What is being asked:
From the line with "Lande Rondo Lavoro is" to the line with "Hey,girls,how could you", output every line below exactly, both ends included. Skip the pictures.

Dataset entries:
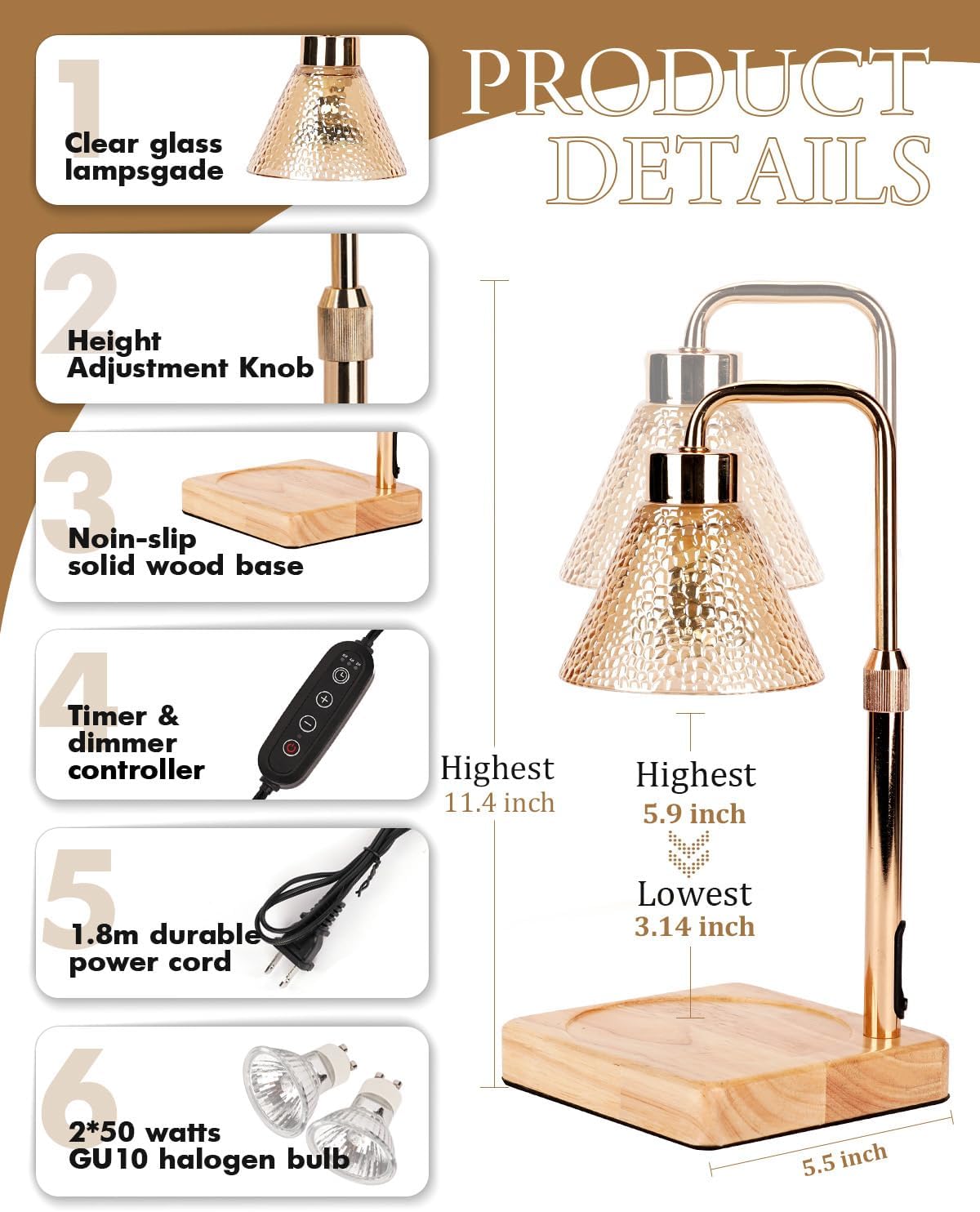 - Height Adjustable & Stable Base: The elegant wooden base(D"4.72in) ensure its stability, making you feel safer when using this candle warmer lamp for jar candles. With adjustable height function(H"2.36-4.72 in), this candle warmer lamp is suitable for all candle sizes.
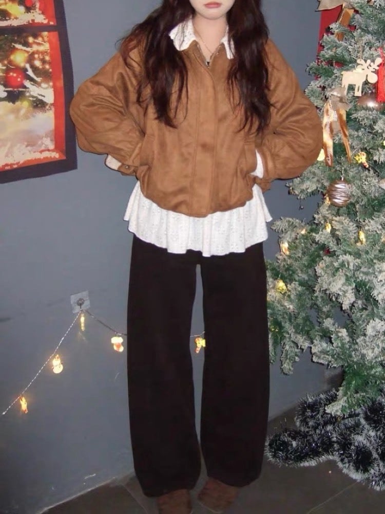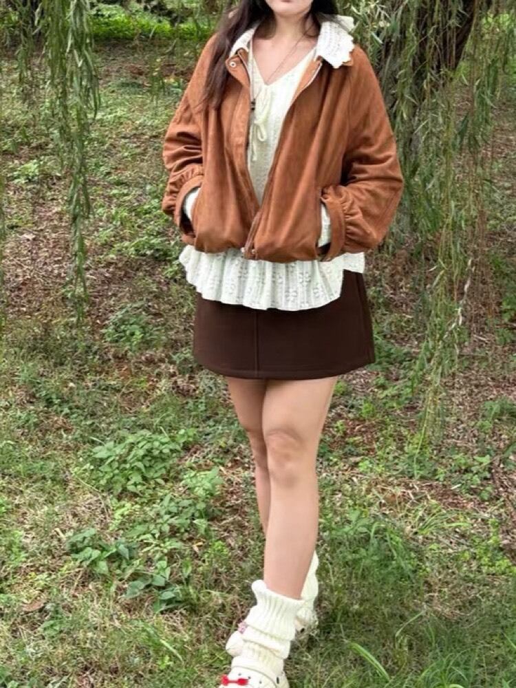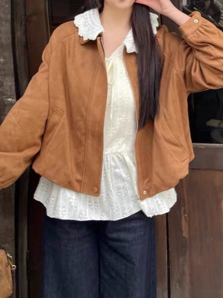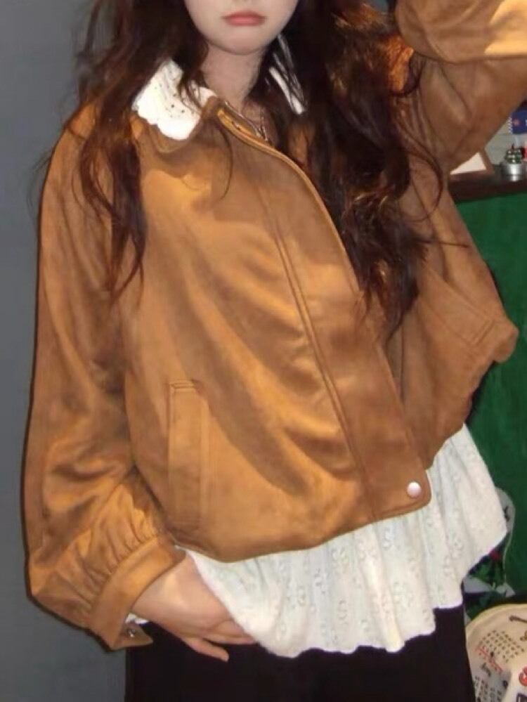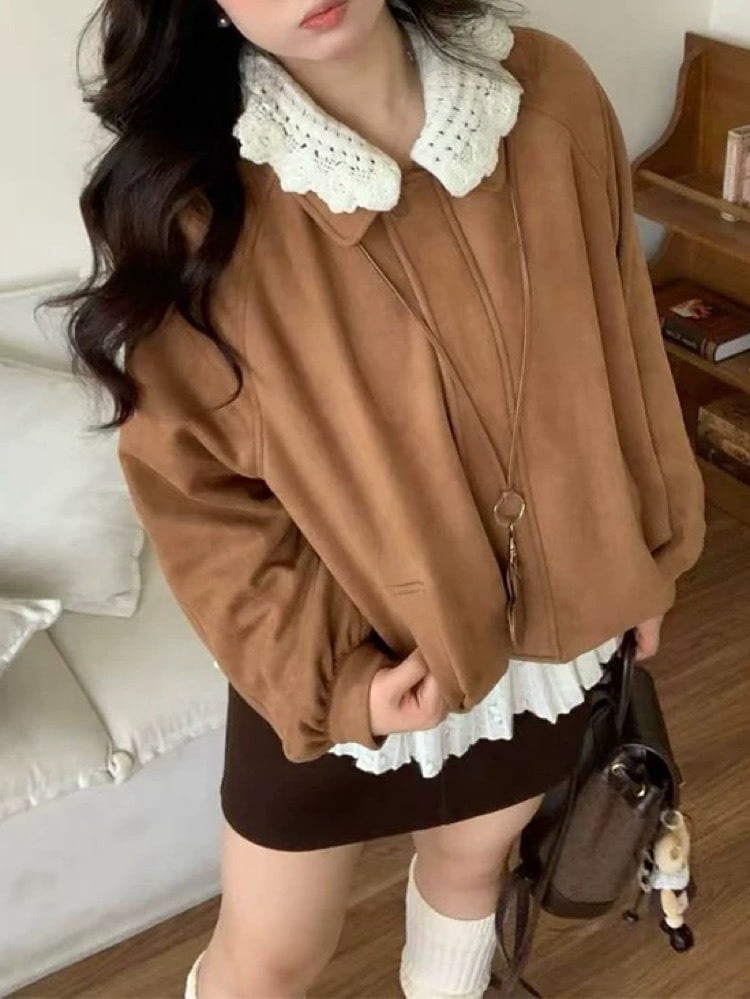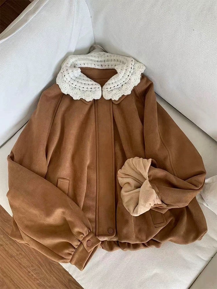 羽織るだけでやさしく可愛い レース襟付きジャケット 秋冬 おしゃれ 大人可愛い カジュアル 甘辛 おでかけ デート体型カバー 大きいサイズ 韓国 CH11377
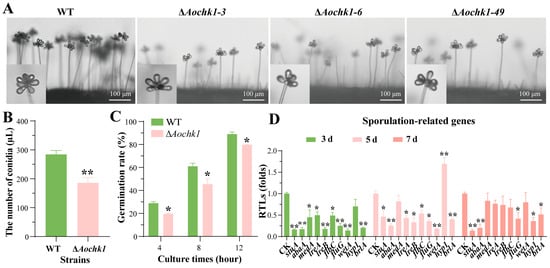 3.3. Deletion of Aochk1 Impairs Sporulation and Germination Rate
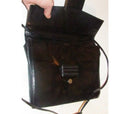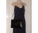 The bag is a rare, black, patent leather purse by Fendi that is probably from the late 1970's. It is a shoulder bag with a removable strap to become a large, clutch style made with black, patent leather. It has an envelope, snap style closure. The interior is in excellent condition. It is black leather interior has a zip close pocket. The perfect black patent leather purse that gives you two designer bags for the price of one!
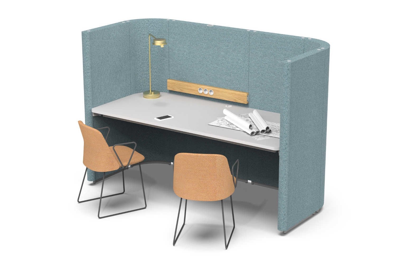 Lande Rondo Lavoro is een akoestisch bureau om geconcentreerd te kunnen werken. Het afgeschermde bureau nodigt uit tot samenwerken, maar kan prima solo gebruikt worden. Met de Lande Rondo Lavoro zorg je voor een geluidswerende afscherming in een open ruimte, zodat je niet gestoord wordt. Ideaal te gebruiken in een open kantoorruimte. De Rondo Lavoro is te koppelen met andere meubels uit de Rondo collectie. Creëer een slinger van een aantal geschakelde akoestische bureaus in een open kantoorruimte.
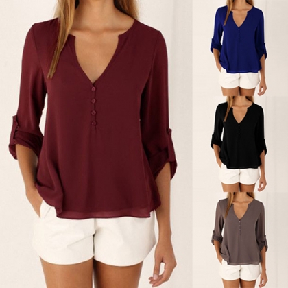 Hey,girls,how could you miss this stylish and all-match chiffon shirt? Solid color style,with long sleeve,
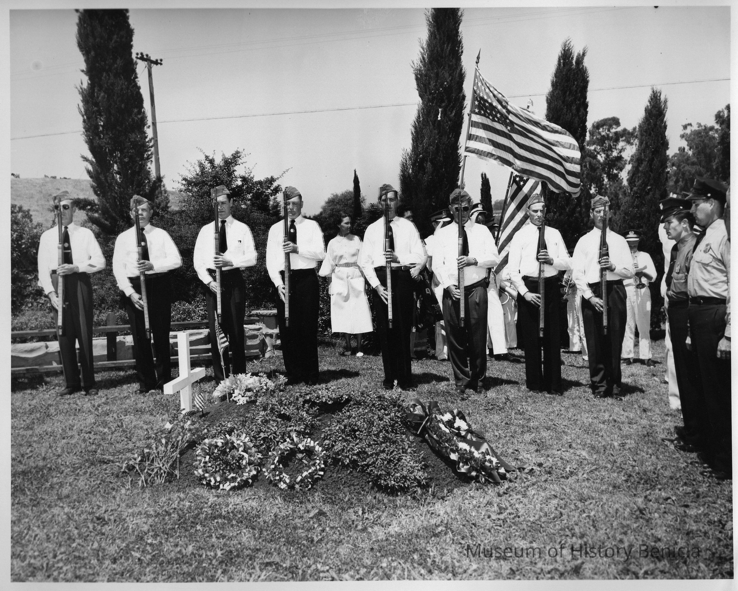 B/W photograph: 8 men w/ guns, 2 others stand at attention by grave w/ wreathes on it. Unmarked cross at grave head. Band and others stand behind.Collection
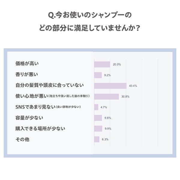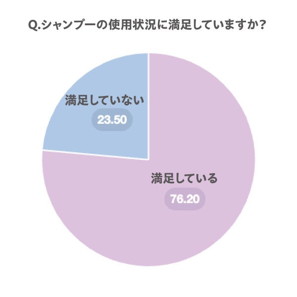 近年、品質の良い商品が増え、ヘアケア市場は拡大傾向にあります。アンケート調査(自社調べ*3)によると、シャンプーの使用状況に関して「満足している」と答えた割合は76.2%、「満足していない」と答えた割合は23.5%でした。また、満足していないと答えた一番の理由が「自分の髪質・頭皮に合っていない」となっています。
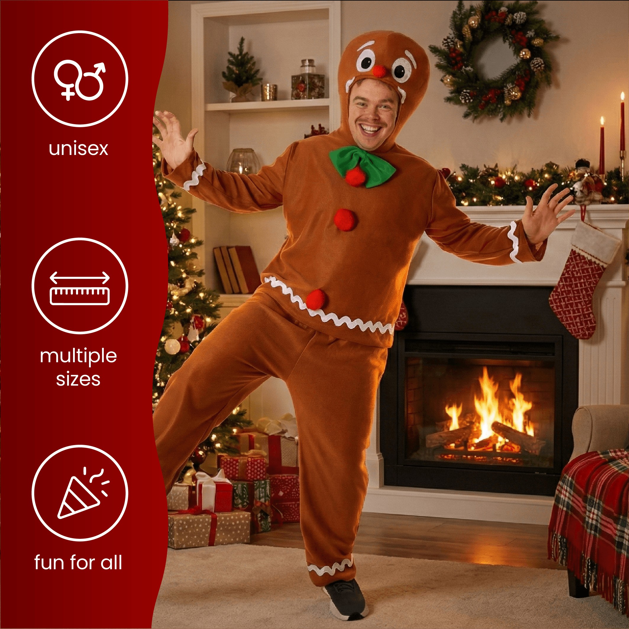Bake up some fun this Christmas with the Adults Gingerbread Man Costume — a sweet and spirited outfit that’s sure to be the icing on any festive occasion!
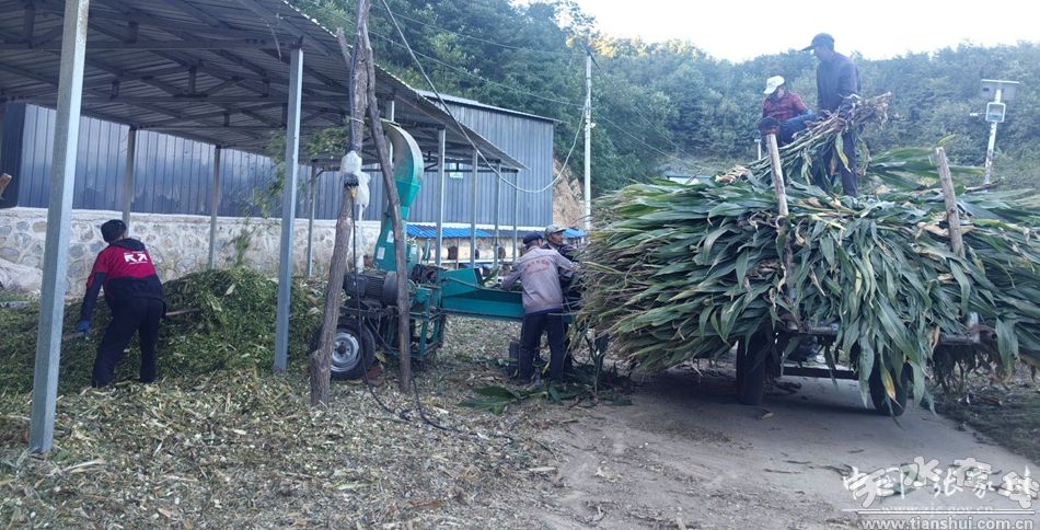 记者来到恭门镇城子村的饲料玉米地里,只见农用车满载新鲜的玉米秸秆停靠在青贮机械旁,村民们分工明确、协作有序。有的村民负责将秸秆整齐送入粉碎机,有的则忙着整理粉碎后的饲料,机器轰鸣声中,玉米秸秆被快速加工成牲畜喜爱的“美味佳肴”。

Answer to the problem:
 Lande Rondo Lavoro is een akoestisch bureau om geconcentreerd te kunnen werken. Het afgeschermde bureau nodigt uit tot samenwerken, maar kan prima solo gebruikt worden. Met de Lande Rondo Lavoro zorg je voor een geluidswerende afscherming in een open ruimte, zodat je niet gestoord wordt. Ideaal te gebruiken in een open kantoorruimte. De Rondo Lavoro is te koppelen met andere meubels uit de Rondo collectie. Creëer een slinger van een aantal geschakelde akoestische bureaus in een open kantoorruimte.
 Hey,girls,how could you miss this stylish and all-match chiffon shirt? Solid color style,with long sleeve,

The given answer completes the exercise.